▶ Problem statement: Every line below from the one containing "- Certificates Completed" through the one containing "春秋新款红色短外套女棉质宽松大码百搭秋季穿搭感上衣女装" is to be printed exactly, with the pictures omitted.

▶ The input:
┌──

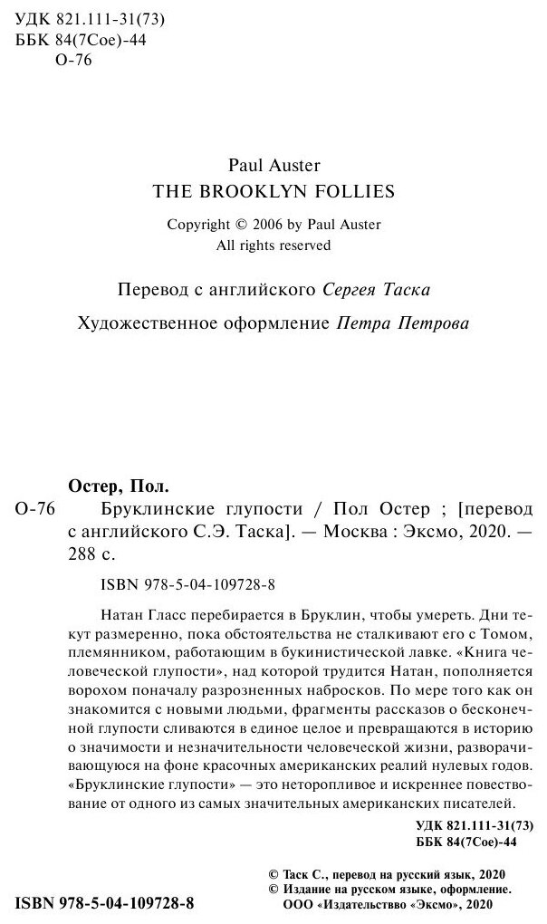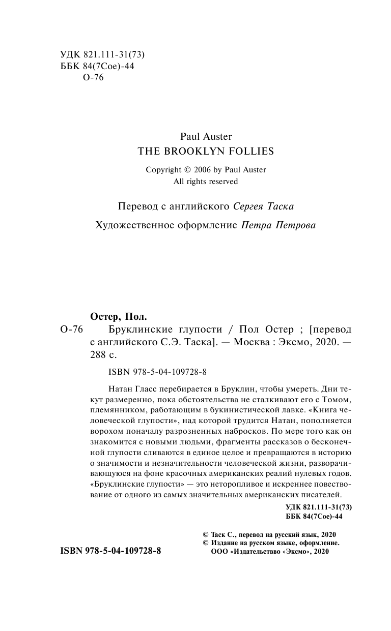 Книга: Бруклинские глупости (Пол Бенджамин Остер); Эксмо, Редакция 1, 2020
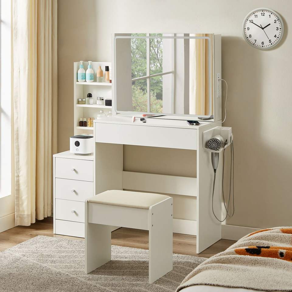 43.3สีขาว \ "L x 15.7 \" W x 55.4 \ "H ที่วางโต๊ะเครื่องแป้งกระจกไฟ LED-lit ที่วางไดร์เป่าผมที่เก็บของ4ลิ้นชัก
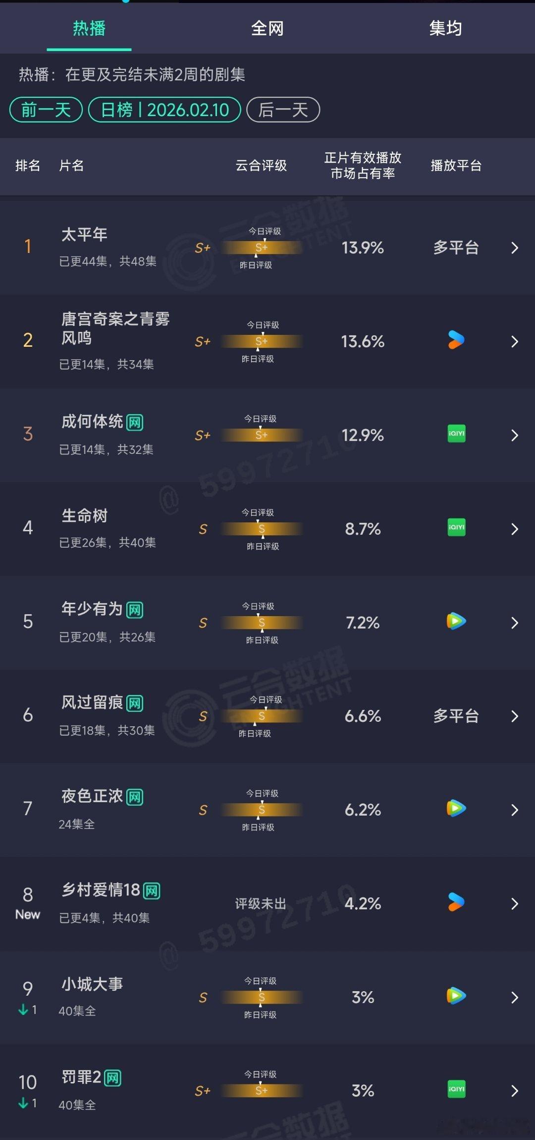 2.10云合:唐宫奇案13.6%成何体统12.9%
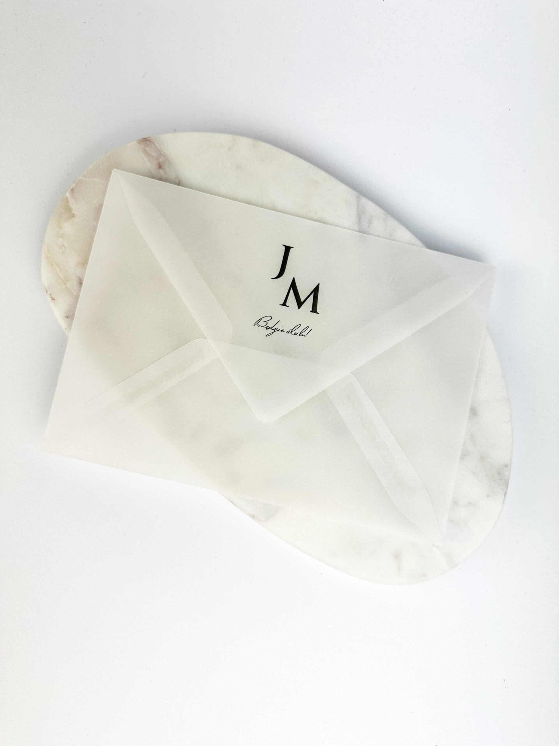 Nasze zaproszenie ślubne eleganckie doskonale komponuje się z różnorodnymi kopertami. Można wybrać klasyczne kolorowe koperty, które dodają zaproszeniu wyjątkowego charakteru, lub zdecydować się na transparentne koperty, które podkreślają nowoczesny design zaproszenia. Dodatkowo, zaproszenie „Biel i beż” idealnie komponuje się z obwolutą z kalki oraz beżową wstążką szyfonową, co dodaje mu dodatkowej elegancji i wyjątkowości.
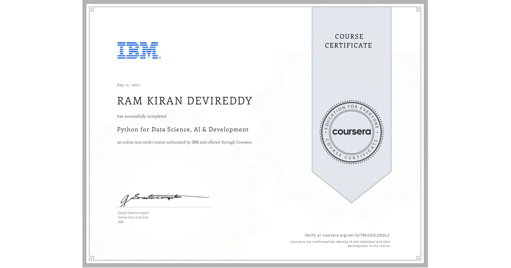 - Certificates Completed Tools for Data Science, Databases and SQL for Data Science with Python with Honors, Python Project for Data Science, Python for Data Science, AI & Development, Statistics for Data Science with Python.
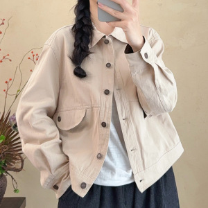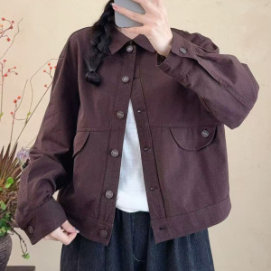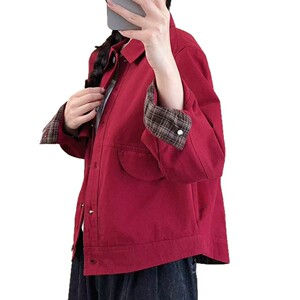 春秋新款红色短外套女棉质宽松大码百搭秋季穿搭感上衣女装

└──
┌──

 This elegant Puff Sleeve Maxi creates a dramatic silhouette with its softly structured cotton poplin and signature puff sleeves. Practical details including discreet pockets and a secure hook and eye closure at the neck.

└──
┌──

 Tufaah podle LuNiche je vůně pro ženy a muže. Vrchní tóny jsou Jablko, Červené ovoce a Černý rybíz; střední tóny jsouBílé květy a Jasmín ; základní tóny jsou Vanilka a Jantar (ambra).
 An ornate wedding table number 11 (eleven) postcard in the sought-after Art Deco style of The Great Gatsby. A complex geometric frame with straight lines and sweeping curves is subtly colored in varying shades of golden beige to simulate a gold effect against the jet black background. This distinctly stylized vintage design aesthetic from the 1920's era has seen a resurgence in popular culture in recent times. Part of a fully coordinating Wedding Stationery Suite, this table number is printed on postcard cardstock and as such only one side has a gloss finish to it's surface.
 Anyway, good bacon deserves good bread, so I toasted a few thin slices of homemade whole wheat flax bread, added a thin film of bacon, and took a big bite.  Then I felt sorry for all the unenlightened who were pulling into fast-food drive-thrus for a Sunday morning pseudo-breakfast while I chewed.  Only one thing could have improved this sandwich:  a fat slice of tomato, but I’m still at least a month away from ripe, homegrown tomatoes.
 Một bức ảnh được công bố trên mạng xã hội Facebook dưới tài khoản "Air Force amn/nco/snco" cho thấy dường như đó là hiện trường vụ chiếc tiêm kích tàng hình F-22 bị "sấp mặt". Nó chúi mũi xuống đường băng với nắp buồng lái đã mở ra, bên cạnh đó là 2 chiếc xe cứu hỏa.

└──

▶ Response:
 - Certificates Completed Tools for Data Science, Databases and SQL for Data Science with Python with Honors, Python Project for Data Science, Python for Data Science, AI & Development, Statistics for Data Science with Python.
 春秋新款红色短外套女棉质宽松大码百搭秋季穿搭感上衣女装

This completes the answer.